Back in November 2009, I wrote a blog post about a study that suggested that a hereditary problem in the metabolism of riboflavin (vitamin B2) and the heavy consumption of red meat could both contribute to the cause of Parkinson disease. The researchers did blood tests for riboflavin for 31 consecutive Parkinson patients who entered their clinic. Every single one of them had abnormally low blood levels of riboflavin. In comparison, only a few of the patients with other neurologic diseases had low riboflavin levels. The Parkinson patients also tended to be heavy consumers of red meat. After the riboflavin deficiency was corrected and the Parkinson patients stopped eating red meat, their motor skills improved dramatically.
I thought that this study was important. It suggested that cheap and generally beneficial interventions could provide significant benefits for people with Parkinson disease. It should have been followed up with larger studies. Keep in mind that Parkinson disease is a major cause of disability among elderly Americans and ranks 14th among causes of death in the United States.

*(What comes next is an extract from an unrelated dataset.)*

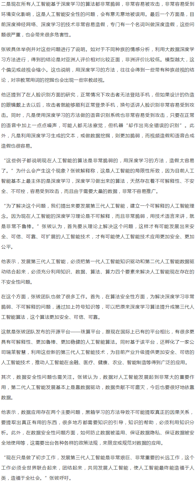 張鈸在演講中指出,現(xiàn)有的人工智能技術(shù)常常引起公平性、安全性的問題,具體體現(xiàn)在三個層面。一是利用深度神經(jīng)元網(wǎng)絡(luò)來產(chǎn)生一些文本、圖像或是語音時,有時會包含性別、種族、宗教等方面的歧視。
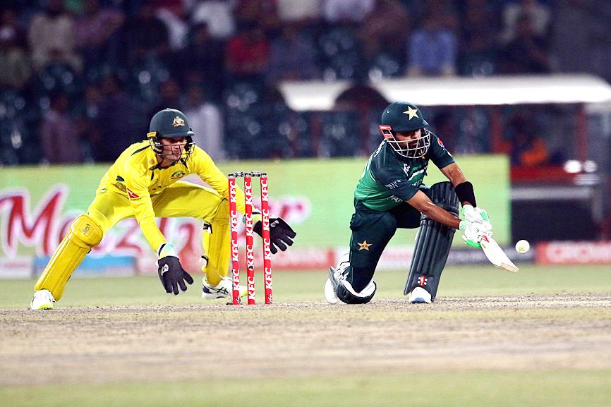 He added 80 for the third wicket with Mohammad Rizwan before he was caught off Nathan Ellis with 40 needed off 34 balls.

Since then, I’ve seen a few studies in which investigators assess riboflavin status by asking people what they’ve been eating, instead of doing a blood test! This is a big mistake because the Parkinson patients in the 2003 study had riboflavin deficiency even though they were eating normal amounts of riboflavin. Their bodies just weren’t handling the riboflavin efficiently. We need more research to show whether Parkinson patients should routinely be screened for riboflavin deficiency. Of course, if you or a loved one has Parkinson disease, you can just ask for the riboflavin level to be tested. If a patient has a vitamin deficiency, it should be corrected, shouldn’t it?
Another study, published in January of 2011, found that Parkinson patients improved when they switched to a plant-based diet. This came as no surprise to me because simply eating less protein, especially during the daytime, can dramatically improve the patient’s response to L-dopa, which is the drug of choice for treating Parkinson disease.